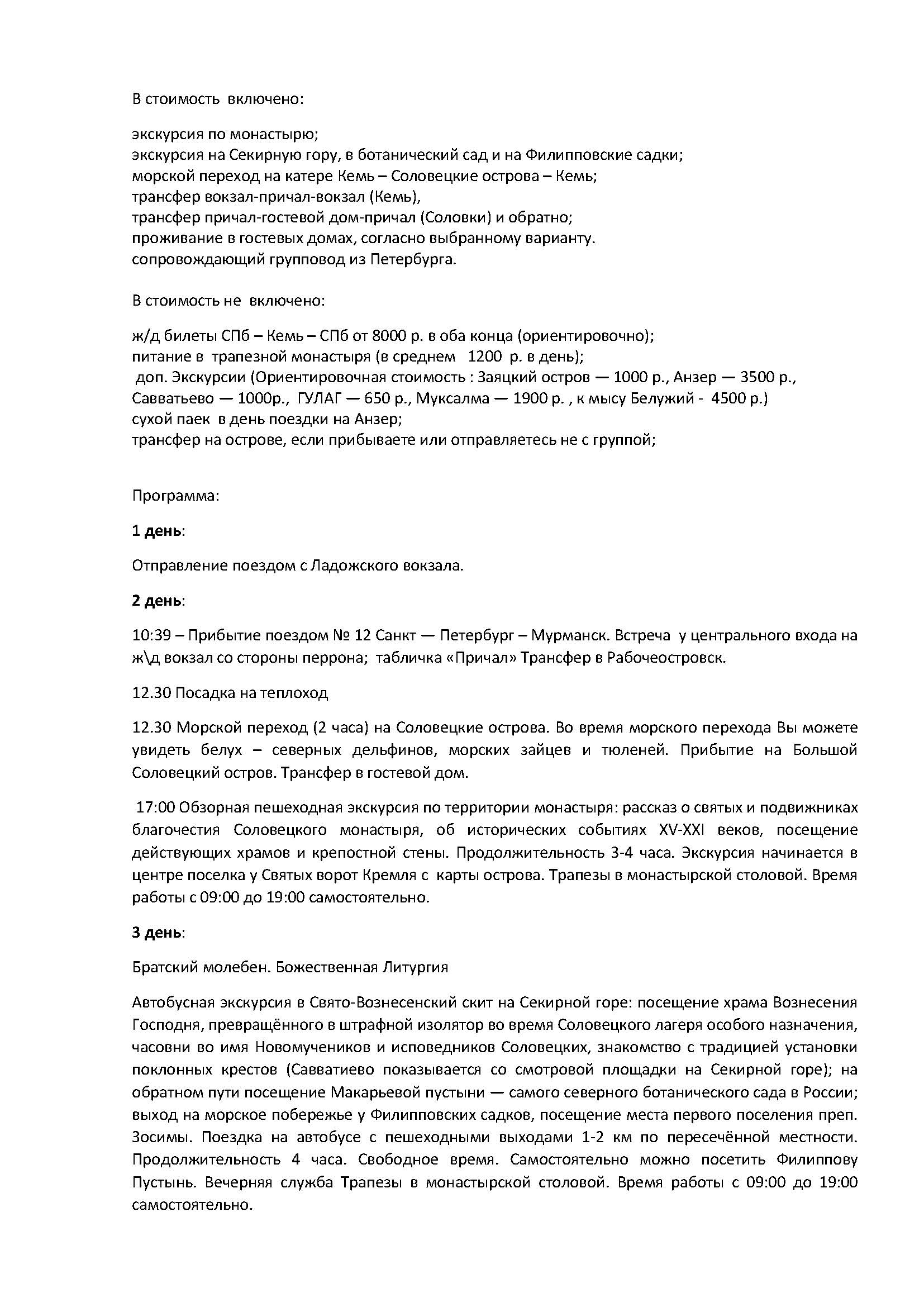 пожертвование за обзорную экскурсию по Лавре (проводится ежедневно в 12.00, 14.00 и 16.00.) будет составлять:
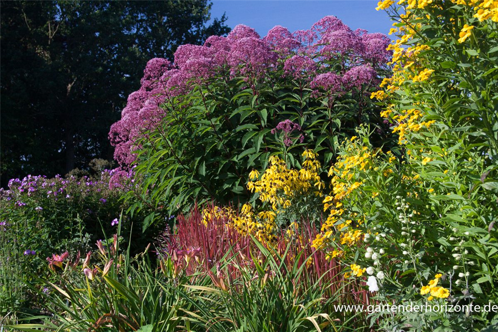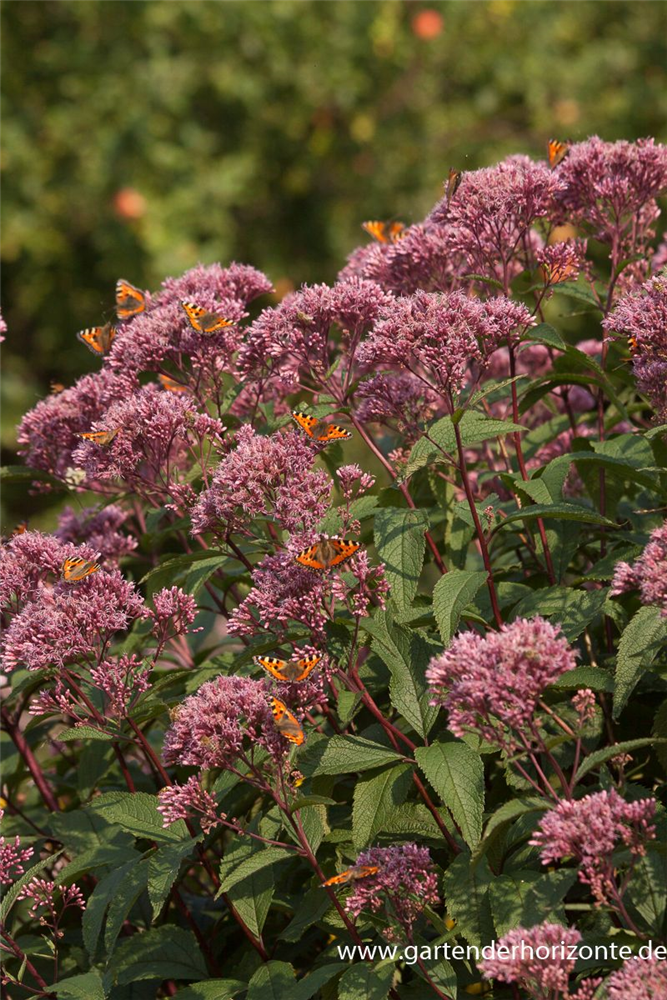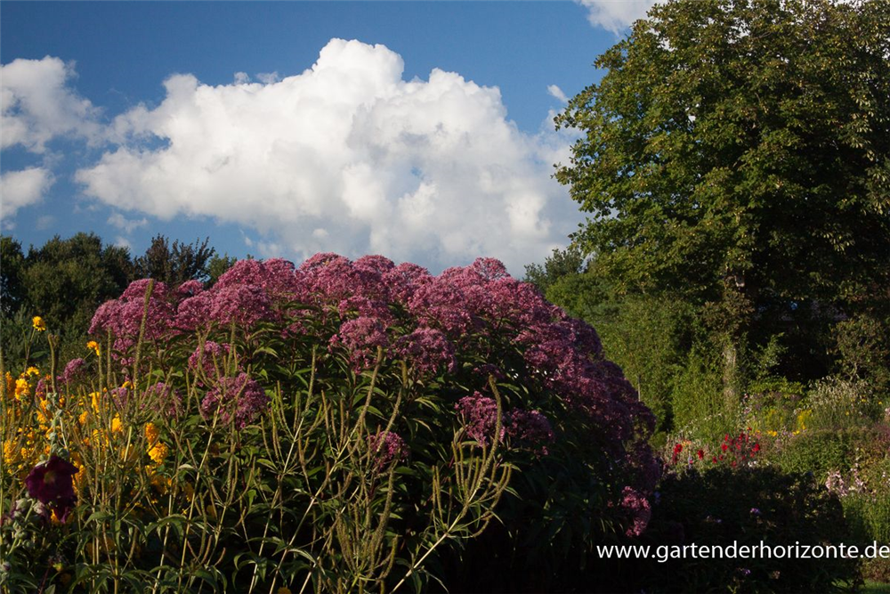 Der Große Garten-Wasserdost 'Glutball' (Eupatorium fistulosum) ist eine aufrechte Staude, die von August bis Oktober purpurrote, in Doldentrauben angeordnete Blüten mit einem angenehmen Duft bildet. An einem sonnigen bis halbschattigen Standort mit durchlässigem, nährstoffreichem Boden erreicht er gewöhnlich eine Höhe von ca. 2 m und wird ca. 1 m breit. Der Große Garten-Wasserdost 'Glutball' ist gut frostverträglich.
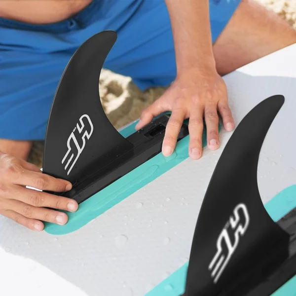 Les deux ailerons latéraux favorisent la stabilité latérale de la planche. Avec une bonne longueur, il donne à la planche la stabilité nécessaire pour se balader et garder son cap et un excellent niveau de maniabilité pour jouer dans les vagues.
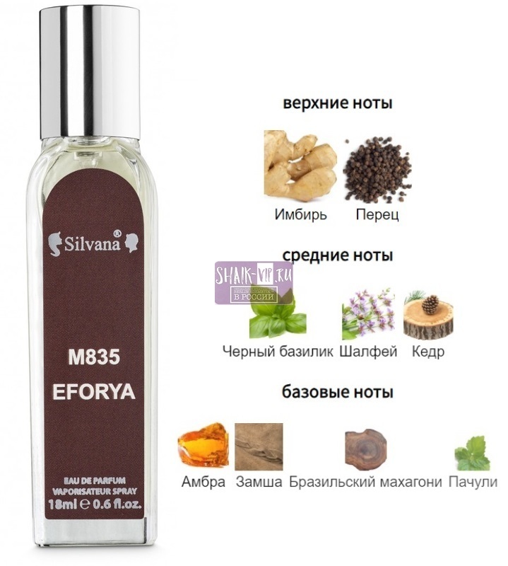 Silvana Eforya – относится к ряду древесной ароматной коллекции. Он сочетает в себе невероятную свежесть и чистоту, дарующую веселое настроение своему обладателю.

* _Work order_:
Output the material word for word. Pictures do not go in.

* _Answer section_:
 пожертвование за обзорную экскурсию по Лавре (проводится ежедневно в 12.00, 14.00 и 16.00.) будет составлять:
 Der Große Garten-Wasserdost 'Glutball' (Eupatorium fistulosum) ist eine aufrechte Staude, die von August bis Oktober purpurrote, in Doldentrauben angeordnete Blüten mit einem angenehmen Duft bildet. An einem sonnigen bis halbschattigen Standort mit durchlässigem, nährstoffreichem Boden erreicht er gewöhnlich eine Höhe von ca. 2 m und wird ca. 1 m breit. Der Große Garten-Wasserdost 'Glutball' ist gut frostverträglich.
 Les deux ailerons latéraux favorisent la stabilité latérale de la planche. Avec une bonne longueur, il donne à la planche la stabilité nécessaire pour se balader et garder son cap et un excellent niveau de maniabilité pour jouer dans les vagues.
 Silvana Eforya – относится к ряду древесной ароматной коллекции. Он сочетает в себе невероятную свежесть и чистоту, дарующую веселое настроение своему обладателю.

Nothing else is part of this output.